The evaluation approach focuses on detecting completely broken behaviors rather than minor variations in wording or approach. The team acknowledges that perfect evaluation is challenging, but they prioritize catching significant errors while allowing for reasonable variation in responses. The system maintains separate evaluation datasets for happy path scenarios and edge cases.
## Deployment and Scalability
The system is containerized using LangGraph's built-in containerization with custom modifications and deployed using Terraform and GitHub Actions. The deployment strategy supports multiple regions to meet various compliance requirements, with the ability to deploy entirely within specific geographic boundaries when needed.
The system demonstrates significant scalability improvements, with the team estimating approximately 10x capacity increase compared to the manual system. This improvement comes from automating routine interactions while elevating human operators to supervisory roles for complex cases.

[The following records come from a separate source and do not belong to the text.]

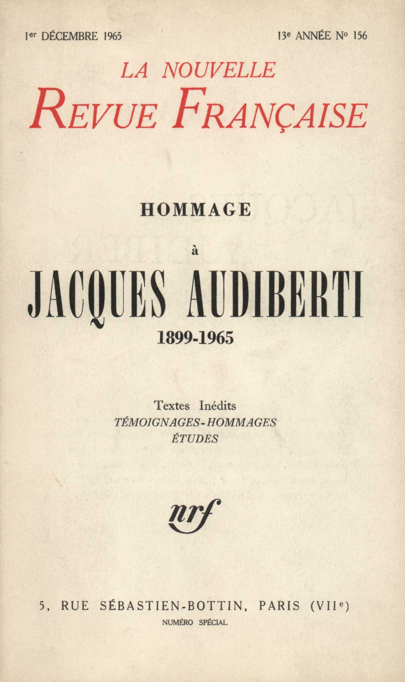 Textes inédits : Jacques Audiberti, Le dernier počme - L'Opéra du Monde - Le Sconse - Lettres ŕ Ludmila Vlasto - J'ai fini ma semaineTémoignages : Monique Pantel, Comme on ferme les voletsGaston Bonheur, L'unique spectateurPierre Besse, Jacques Audiberti au châteauMaurice Fombeure, Souvenirs et propos sur AudibertiAndré Deslandes, Un abhumaniste trčs humainCamille Bryen, Audiberti permanentJacques Baratier, Avec AudibertiGaston Bouthoul, Le rempart d'AudibertiHommages : Paul Morand, Ex-voto AudibertiJean Cassou, Au temps de L'Empire et la TrappeJean Follain, Présence d'AudibertiAndré Pieyre de Mandiargues, Ŕ force de motsRobert Kanters, Un rassembleurAlain Bosquet, Trois AudibertiJacques Chessex, Qu'est devenu Jacques mort?Études : André Dhôtel, La chanson d'AudibertiHenry Amer, Audiberti toujoursRoger Judrin, Portrait de DamaseFranz Hellens, Simultanéité et vision pluralisteGeorges Vitaly, L'uvre généreuse de Jacques AudibertiRobert Abirached, Le monde comme représentationAlain Clerval, Sur le théâtre d'AudibertiJean Duvignaud, Un cinéaste sans cinéma Étiemble, Lettre au vieux compagnon de route
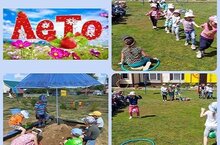Лучшее время летом в детском саду — это игры и прогулки на свежем воздухе. В любую погоду наши воспитанники готовы играть, бегать, соревноваться или просто лепить куличики в песочнице вместе с друзьями. А сколько много нового и интересного они узнают из наблюдений: «Почему плывут облака», «Почему идет дождь», «Много ли унесет один муравей?», «Как распускается цветок». И каждый день обсуждая и беседуя открывают для себя все новые и новые знания. / Балалар бакчасында җәйнең иң яхшы вакыты — уеннар һәм ачык һавада йөрү. Һәркайсы һава торышында безнең тәрбияләнүчеләр уйнарга, йөгерергә, ярышырга яки дуслары белән бергә комлыкта култыклар ясарга әзер. Ә күпме яңа һәм кызыклы нәрсәләрне алар күзәтүләрдән беләләр:» ни өчен болытлар йөзә, ни өчен яңгыр ява, бер кырмыска күпме алып китәр?, Чәчәк ничек чәчәк ата .Һәм һәр көн фикер алышып һәм сөйләшеп, үзләре өчен яңа һәм яңа белемнәр ачалар.Лето в детском саду./
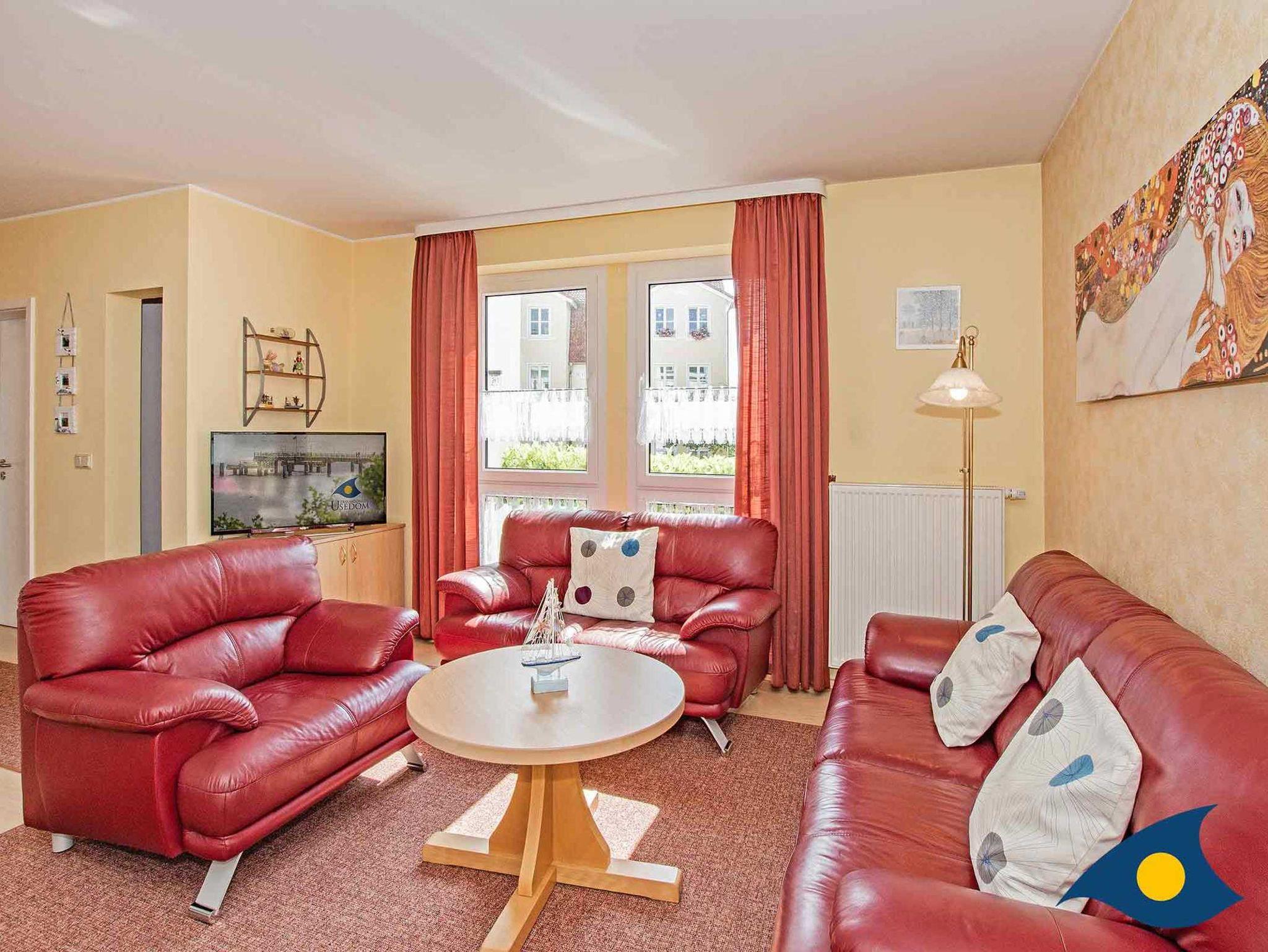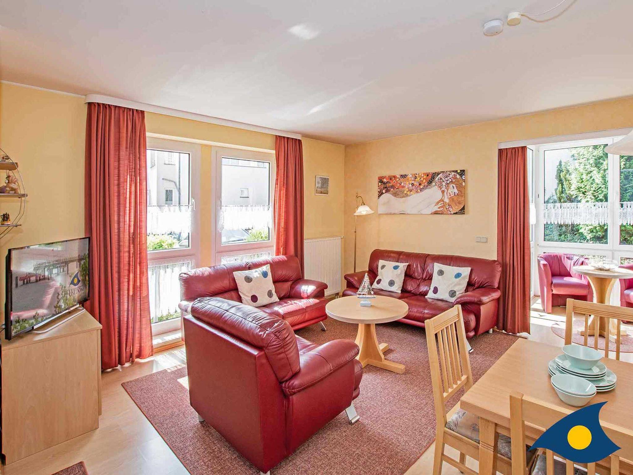 Die Wohnung 13 in der Villa Cosima liegt im Erdgeschoss des Hauses. In dem großzügigen Wohnraum begrüßt Sie eine bequeme Sofalandschaft, eine gut ausgestattete Küchenzeile, eine Essecke und der südlich ausgerichtete Wintergarten mit zwei gemütlichen Sesseln.
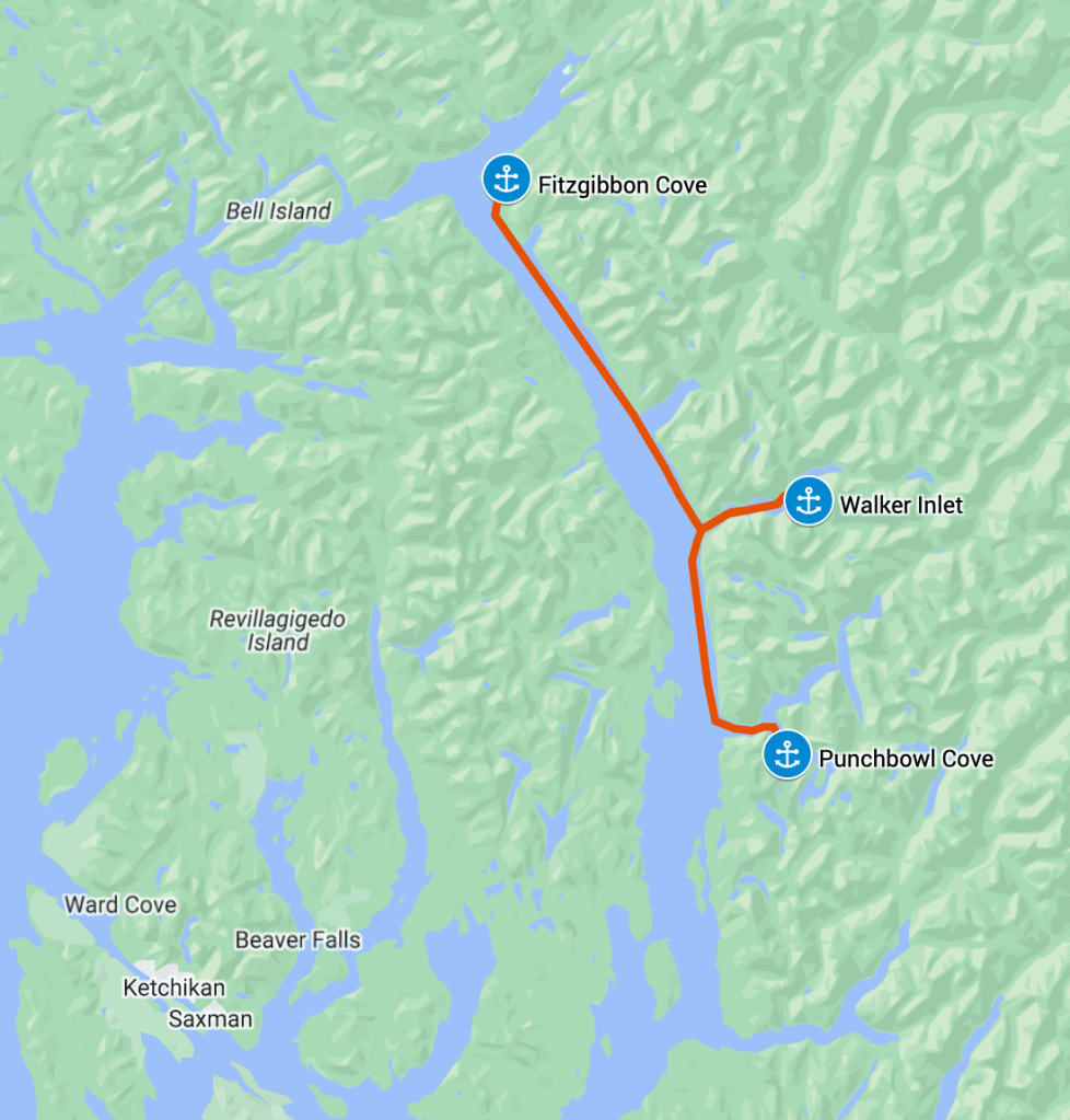 After a pleasant evening in Fitzgibbon Cove we were ready to move into the more majestic sections of the Misty Fjords. The weather forecast promised settled weather and I thought we’d be cruising out on an ebbing current southward. Should be an easy, fast run down to Walker Inlet.

## Challenges and Trade-offs
The implementation faced several significant challenges. Time zone handling proved particularly complex, requiring careful prompt engineering to ensure accurate scheduling of messages and reminders. The system also had to balance the need for medical accuracy with the flexibility to handle diverse patient responses and situations.
Token costs represent a significant operational consideration, with individual message processing costing approximately 15-20 cents due to the extensive context and multiple agent interactions. The team implemented aggressive caching strategies to mitigate these costs while maintaining response quality.
The confidence scoring system, while functional, remains more art than science. The team acknowledges that LLMs are generally poor at self-assessment, making the detection of their own errors challenging. The system compensates for this by focusing on complexity detection rather than pure accuracy assessment.
## Results and Impact
The system has been successfully deployed and is handling real patient interactions, demonstrating the viability of LLM-powered healthcare applications when properly implemented with appropriate safeguards. The 10x capacity improvement enables the client to serve significantly more patients while maintaining or improving care quality.
The flexible blueprint system allows for rapid development of new treatments without code changes, as demonstrated by the team's creation of an Ozempic treatment protocol in a matter of hours using AI assistance. This capability represents a significant advancement in healthcare system adaptability.
## Technical Lessons and Best Practices
The case study highlights several important LLMOps best practices for healthcare applications. The importance of explainability and transparency in AI decision-making proved crucial for gaining stakeholder trust and meeting regulatory requirements. The hybrid human-in-the-loop approach successfully balances automation benefits with safety requirements.
The team's approach to prompt engineering, focusing on treatment-agnostic guidelines rather than hard-coded logic, demonstrates how to build flexible systems that can adapt to new requirements without extensive redevelopment. The structured document approach for knowledge management provides a middle ground between fully automated RAG systems and rigid coded logic.
The implementation also demonstrates the importance of comprehensive error handling and retry logic when deploying LLMs in production, particularly for critical applications like healthcare where system reliability is paramount.